8. In the event that you experience difficulty dozing, stay away from snoozes, particularly toward the evening. Force snoozing may help you get past the day, however in the event that you observe that you can't nod off at sleep time, disposing of even short catnaps may offer assistance.
9. Practice day by day. Vivacious activity is best, however even light practice is superior to anything no movement. Exercise whenever of day, however not to the detriment of your slumber.
10.Assess your room. Plan your slumber surroundings to create the conditions you requirement for slumber. Your room ought to be cool – somewhere around 60 and 67 degrees. Your room ought to additionally be free from any commotion that can exasperate your slumber. At long last, your room ought to be free from any light. Check your space for clamors or different diversions. This incorporates a bed accomplice's slumber interruptions, for example, wheezing. Consider utilizing power outage blinds, eye shades, ear fittings, "repetitive sound, humidifiers, fans and different gadgets.
11. Consider an agreeable sleeping cushion and cushions. Verify your sleeping cushion is agreeable and steady. The one you have been utilizing for a considerable length of time may have surpassed its future – around 9 or 10 years for most great quality sleeping pads. Have agreeable cushions and make the room appealing and welcoming for slumber additionally free of allergens that may influence you and articles that may make you slip or fall on the off chance that you need to get up amid the night.
12. Utilize brilliant light to help deal with your circadian rhythms. Keep away from brilliant light at night and open yourself to daylight in the morning. This will hold your circadian rhythms under control.
13. Dodge liquor, cigarettes, and substantial dinners at night. Liquor, cigarettes and caffeine can upset slumber. Eating enormous or fiery suppers can bring about uneasiness from heartburn that can make it difficult to rest. On the off chance that you can, abstain from eating expansive suppers for two to three hours prior to sleep time.
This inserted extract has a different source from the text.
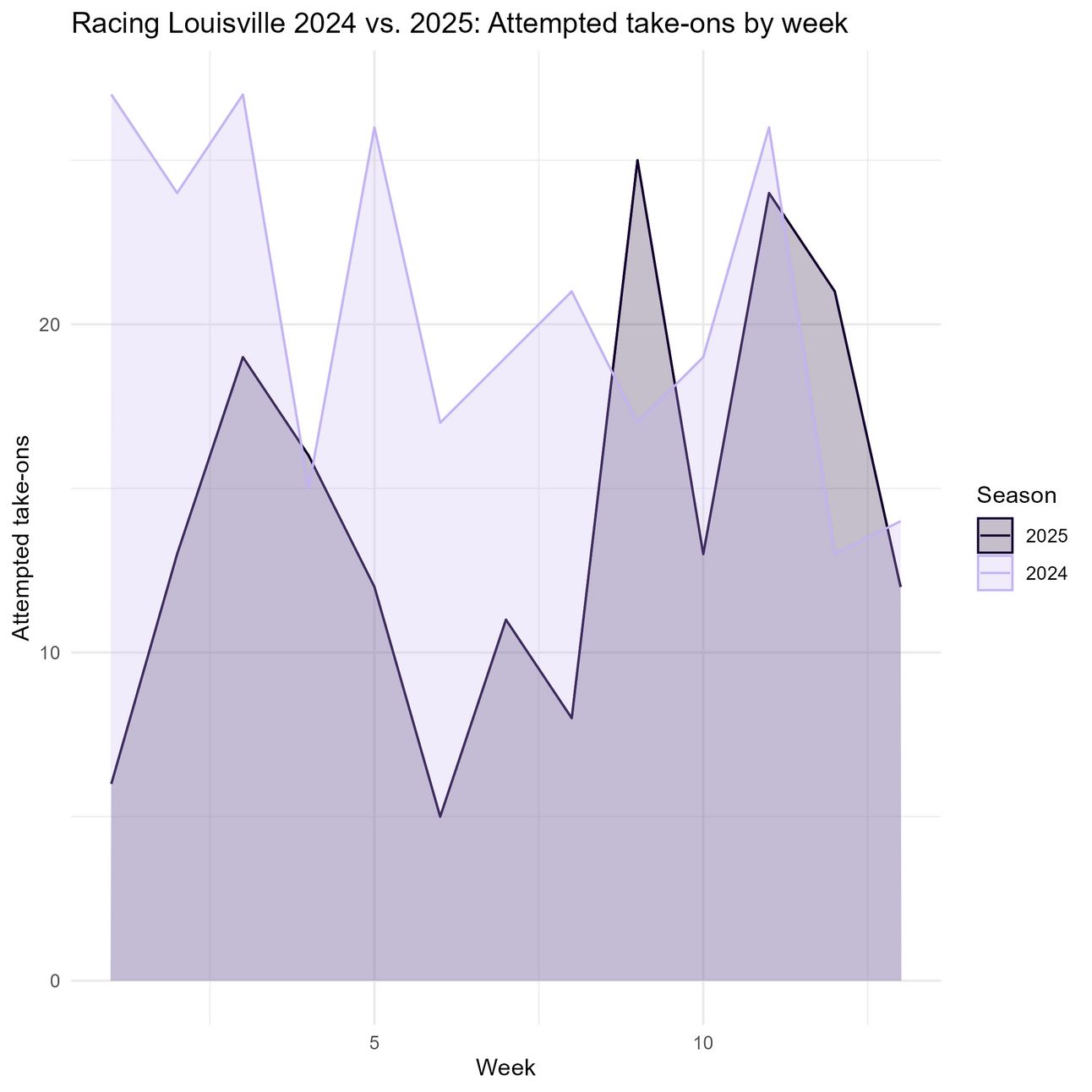 Null hypothesis: Louisville is not attempting more take-ons than they were at this point last season.

Attempt a light nibble 45 minutes prior to bed in case you're still ravenous.
14. Slow down. Your body needs time to move into slumber mode, so spend the most recent hour before bed doing a quieting movement, for example, perusing. For a few individuals, utilizing an electronic gadget, for example, a tablet can make it difficult to nod off, in light of the fact that the specific kind of light exuding from the screens of these gadgets is actuating to the cerebrum. On the off chance that you experience difficulty resting, stay away from gadgets before bed or amidst the night.
15. On the off chance that you can't rest, go into another room and do something unwinding until you feel tired. It is best to take work materials, PCs and TVs out of the resting environment. Utilize your bed just for slumber and sex to reinforce the relationship in the middle of overnight boardinghouse. On the off chance that you relate a specific action or thing with tension about dozing, overlook it from your sleep time schedule.
16. In case despite everything you're experiencing difficulty resting, don't falter to talk with your specialist or to discover a slumber proficient. You might likewise advantage from recording your slumber in a Sleep Diary to help you better assess regular examples or issues you may see with your slumber.
I know there are many other strategies that people use to help fall asleep, but I figured I'd just give you a few of the tricks that have helped me out with conquering this. Whatever you do, please try to keep it natural... taking sleep aid drugs will almost always have adverse side effects.
So do yourself a favor and pull the plug on the late-night talk shows or late-night Seinfeld re-runs (although that Kramer does crack me up!), and try to get to sleep a little earlier from now on. Clear your mind, relax, and enjoy some good quality sleep that will keep your body leaner and have you feeling more energy filled during each day. Good luck!